***** Exercise data

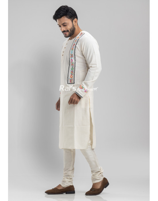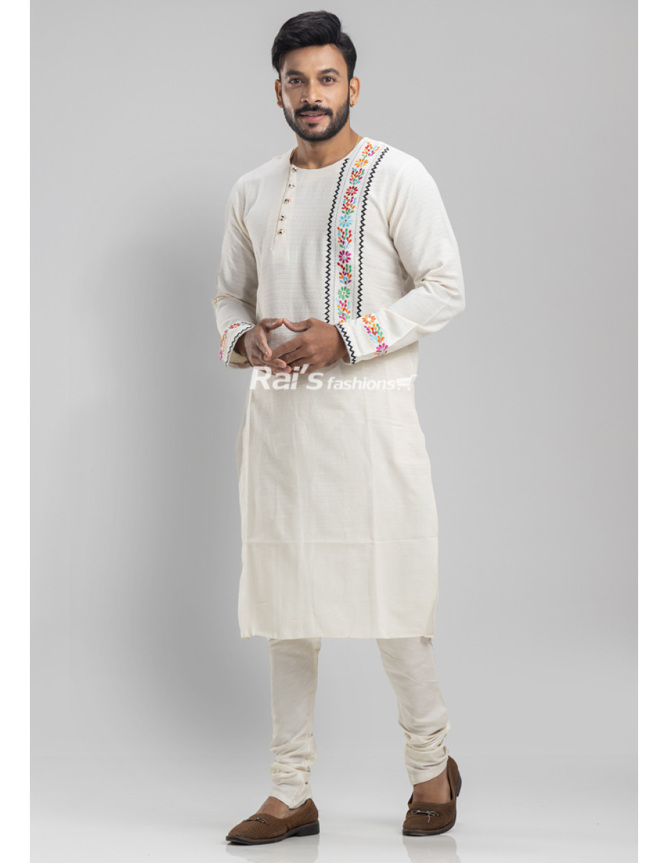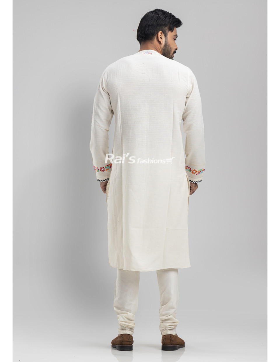 Cotton Self Weaving Long Panjabi With Embroidery Work (KRP10)
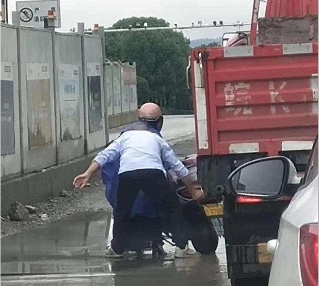 據(jù)尤再兵本人回憶說(shuō),7月10號(hào)下午15:10分左右,他駕駛車(chē)輛行駛至財(cái)富大道路段,該路段由于正在施工,地勢(shì)低洼,路面積水比較嚴(yán)重,一名駕駛電動(dòng)車(chē)的女士不慎被臨時(shí)鋪設(shè)在路面的鋼板刮倒在地。由于穿著雨披,再加上路面濕滑,騎電動(dòng)車(chē)的女士怎么也扶不起車(chē)子,情急之下,他將車(chē)輛靠邊停好,冒雨下車(chē)幫忙扶起電動(dòng)車(chē)并推到路旁,再三確認(rèn)女士沒(méi)有受傷后,這才放心回到車(chē)上,繼續(xù)投入工作。
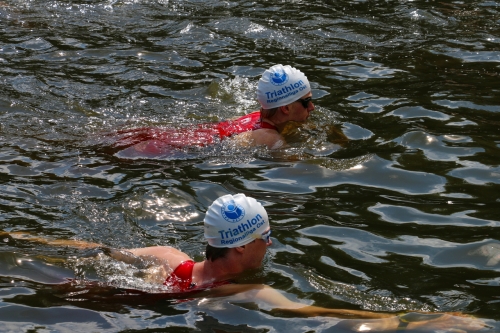 Wir durften dann nun auch endlich 15:50 Uhr über die Sprintdistanz ran. Nach dem Einschwimmen „stellten“ wir uns an der gedachten Startlinie zwischen zwei Bojen auf, warteten noch auf ein Paddelboot, was sich auf die Schwimmstrecke verirrt hatte, und dann ertönte auch schon die Starttröte. Ich stellte mich ganz vorne mit auf, um so wenig wie möglich zu verlieren. Leider bekam ich nach wenigen Metern einen Fußtritt gegen den Kopf, später verschluckte ich jede Menge von dem spritgeschwängertem Hafenwasser, was mich etwas aus dem Rhythmus brachte. Glücklicherweise hatte ich Pauline zu mindest bis zur Wendeboje immer im Blick, was mich positiv stimmte. Wir blieben im Hafen, wendeten also an der Boje und schwammen wieder entlang der Boote Richtung Ausstieg. Durch die Strömung erschien der Rückweg etwas länger. Gegen die starken Schwimmerinnen haben wir nix entgegenzusetzen. Fast geschlossen kamen wir aus dem Wasser: Pauline als 14., ich als 17., Manu als 19. und Jule als 20.
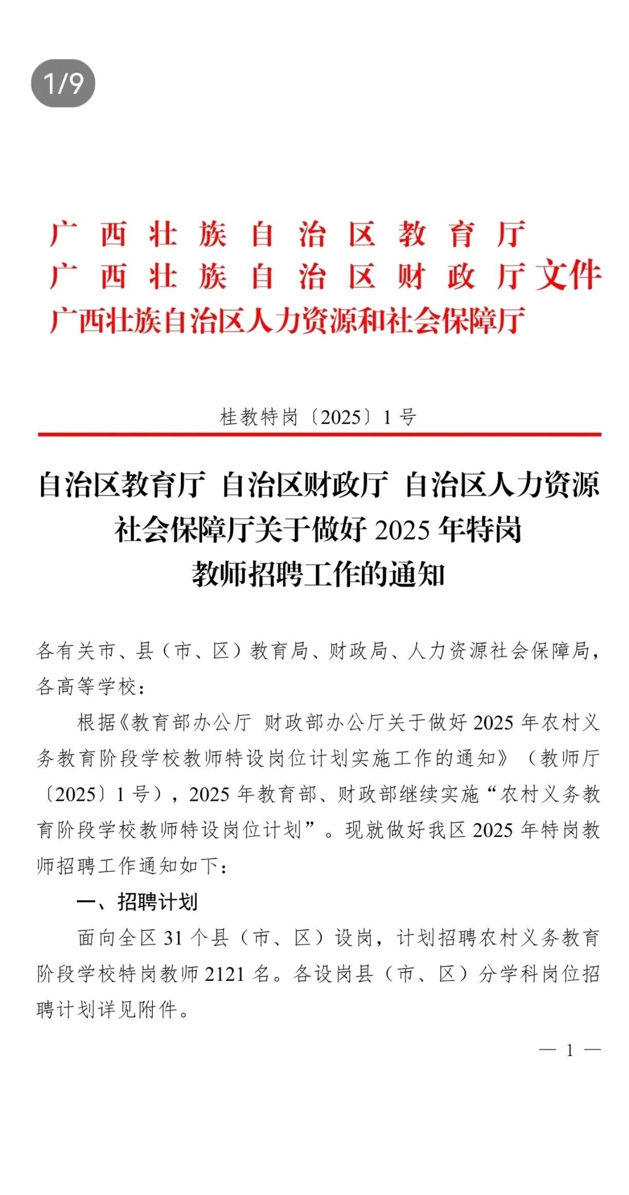 廣西2025年特崗教師招聘2121人!各地市崗位表已出!
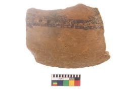 | Description / विवरण | Specimen of black on red ware with black decorative Dots between lines geometric painting. |
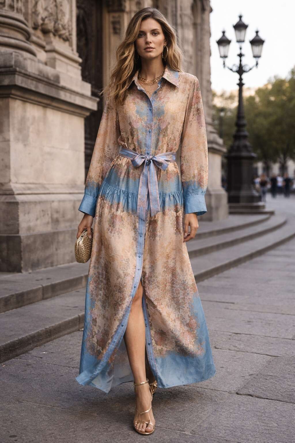 Zwiewna maxi z niebieskimi akcentami, romantyczny fason koszulowy, wygodny pasek w talii, lekki materiał i eleganckie detale.
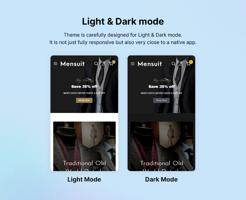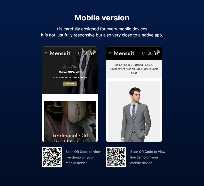 Whether you're selling men's fashion, men's underwear, or creating an elegant store for wedding dresses, MenSuit provides a flexible framework. The theme is perfect for stores in diverse niches, including fashion boutiques, formal wear, and more, offering versatility that meets the demands of various markets.
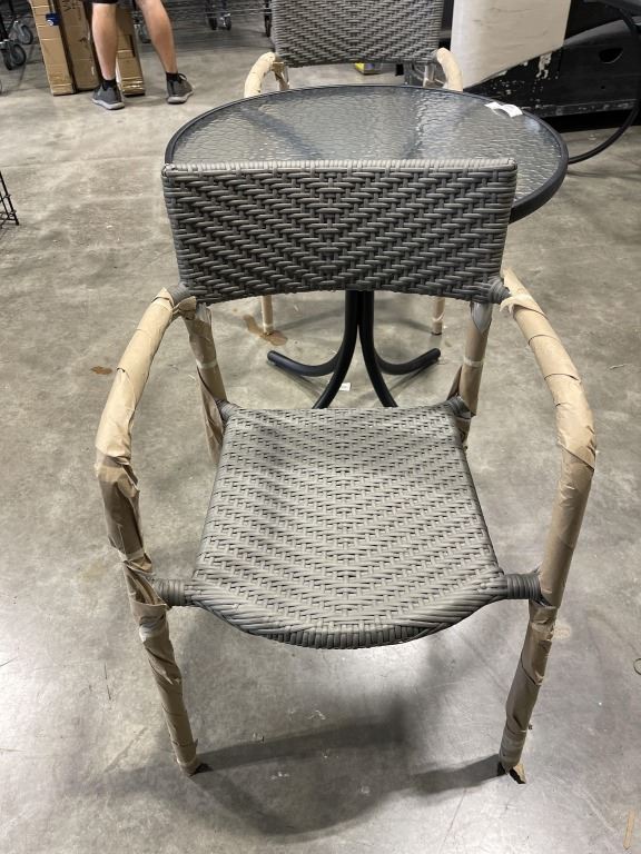 BRAND NEW PATIO BISTRO SET, GLASS TOP ROUND PATIO TABLE, 30 INCH DIAMETER AND 2 STACKING GREY STAINLESS AND RATTAN CHAIRS
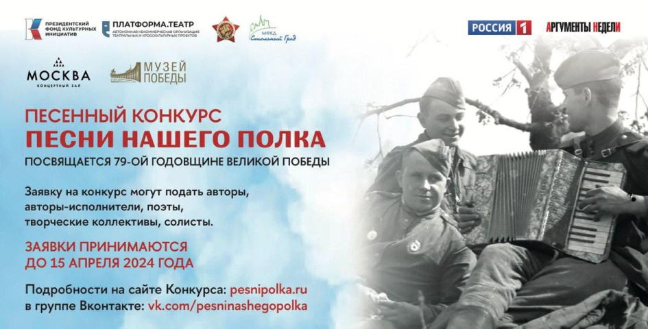 Продолжается III Всероссийская патриотическая акция «Песни нашего полка», посвященная 79-летию Победы в Великой Отечественной войне, которая включает в себя песенный конкурс и Большой праздничный концерт «Песни Победы», премьера которого состоится 9 мая на телеканале «Россия 1».
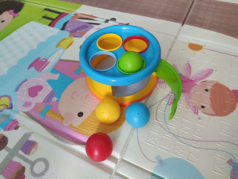 Любимая игрушка барабан с дырками для разноцветных шариков и легкий фетиш в тяжелой форме - это, собственно, шарики и все шарообразное. Купила ему даже набор шариков с разной текстурой. Гоняет, подгребает под себя и жадничает. Недавно вариацией шариков стали еще и луковицы:)
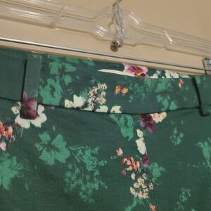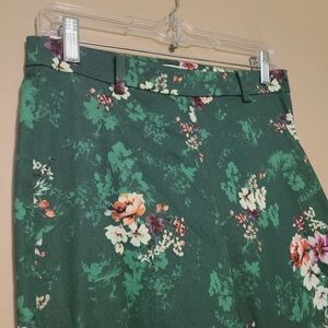 H&M | Women's Green Floral Pull-on Style Straight Ankle Pants (Size 8)
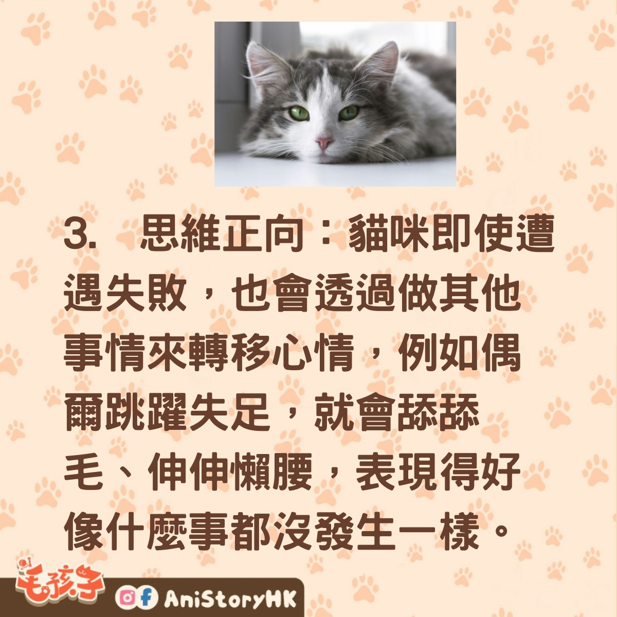 3. 思維正向:貓咪即使遭遇失敗,也會透過做其他事情來轉移心情,例如偶爾跳躍失足,就會舔舔毛、伸伸懶腰,表現得好像什麼事都沒發生一樣。
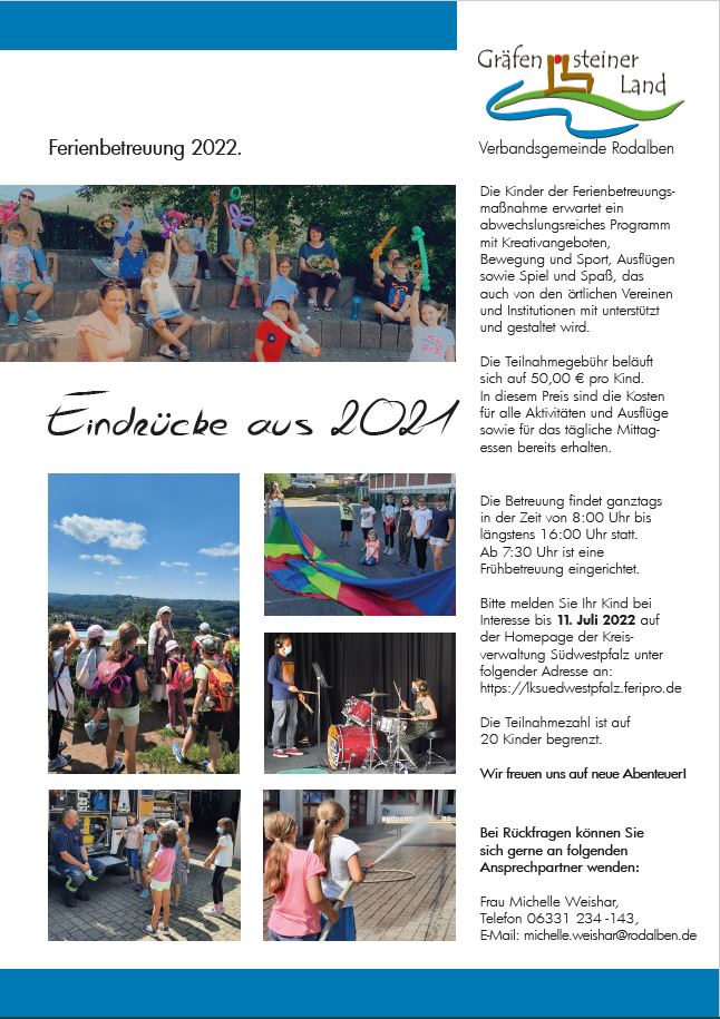 Ferienbetreuung in der Grundschule Rodalben in der Zeit vom 25.07.2022 bis 29.07.2022

**********

### Exercise prompt
Please print each record above again exactly, but omit any pictures.

### Task solution
 Cotton Self Weaving Long Panjabi With Embroidery Work (KRP10)
 據(jù)尤再兵本人回憶說(shuō),7月10號(hào)下午15:10分左右,他駕駛車(chē)輛行駛至財(cái)富大道路段,該路段由于正在施工,地勢(shì)低洼,路面積水比較嚴(yán)重,一名駕駛電動(dòng)車(chē)的女士不慎被臨時(shí)鋪設(shè)在路面的鋼板刮倒在地。由于穿著雨披,再加上路面濕滑,騎電動(dòng)車(chē)的女士怎么也扶不起車(chē)子,情急之下,他將車(chē)輛靠邊停好,冒雨下車(chē)幫忙扶起電動(dòng)車(chē)并推到路旁,再三確認(rèn)女士沒(méi)有受傷后,這才放心回到車(chē)上,繼續(xù)投入工作。
 Wir durften dann nun auch endlich 15:50 Uhr über die Sprintdistanz ran. Nach dem Einschwimmen „stellten“ wir uns an der gedachten Startlinie zwischen zwei Bojen auf, warteten noch auf ein Paddelboot, was sich auf die Schwimmstrecke verirrt hatte, und dann ertönte auch schon die Starttröte. Ich stellte mich ganz vorne mit auf, um so wenig wie möglich zu verlieren. Leider bekam ich nach wenigen Metern einen Fußtritt gegen den Kopf, später verschluckte ich jede Menge von dem spritgeschwängertem Hafenwasser, was mich etwas aus dem Rhythmus brachte. Glücklicherweise hatte ich Pauline zu mindest bis zur Wendeboje immer im Blick, was mich positiv stimmte. Wir blieben im Hafen, wendeten also an der Boje und schwammen wieder entlang der Boote Richtung Ausstieg. Durch die Strömung erschien der Rückweg etwas länger. Gegen die starken Schwimmerinnen haben wir nix entgegenzusetzen. Fast geschlossen kamen wir aus dem Wasser: Pauline als 14., ich als 17., Manu als 19. und Jule als 20.
 廣西2025年特崗教師招聘2121人!各地市崗位表已出!
 | Description / विवरण | Specimen of black on red ware with black decorative Dots between lines geometric painting. |
 Zwiewna maxi z niebieskimi akcentami, romantyczny fason koszulowy, wygodny pasek w talii, lekki materiał i eleganckie detale.
 Whether you're selling men's fashion, men's underwear, or creating an elegant store for wedding dresses, MenSuit provides a flexible framework. The theme is perfect for stores in diverse niches, including fashion boutiques, formal wear, and more, offering versatility that meets the demands of various markets.
 BRAND NEW PATIO BISTRO SET, GLASS TOP ROUND PATIO TABLE, 30 INCH DIAMETER AND 2 STACKING GREY STAINLESS AND RATTAN CHAIRS
 Продолжается III Всероссийская патриотическая акция «Песни нашего полка», посвященная 79-летию Победы в Великой Отечественной войне, которая включает в себя песенный конкурс и Большой праздничный концерт «Песни Победы», премьера которого состоится 9 мая на телеканале «Россия 1».
 Любимая игрушка барабан с дырками для разноцветных шариков и легкий фетиш в тяжелой форме - это, собственно, шарики и все шарообразное. Купила ему даже набор шариков с разной текстурой. Гоняет, подгребает под себя и жадничает. Недавно вариацией шариков стали еще и луковицы:)
 H&M | Women's Green Floral Pull-on Style Straight Ankle Pants (Size 8)
 3. 思維正向:貓咪即使遭遇失敗,也會透過做其他事情來轉移心情,例如偶爾跳躍失足,就會舔舔毛、伸伸懶腰,表現得好像什麼事都沒發生一樣。
 Ferienbetreuung in der Grundschule Rodalben in der Zeit vom 25.07.2022 bis 29.07.2022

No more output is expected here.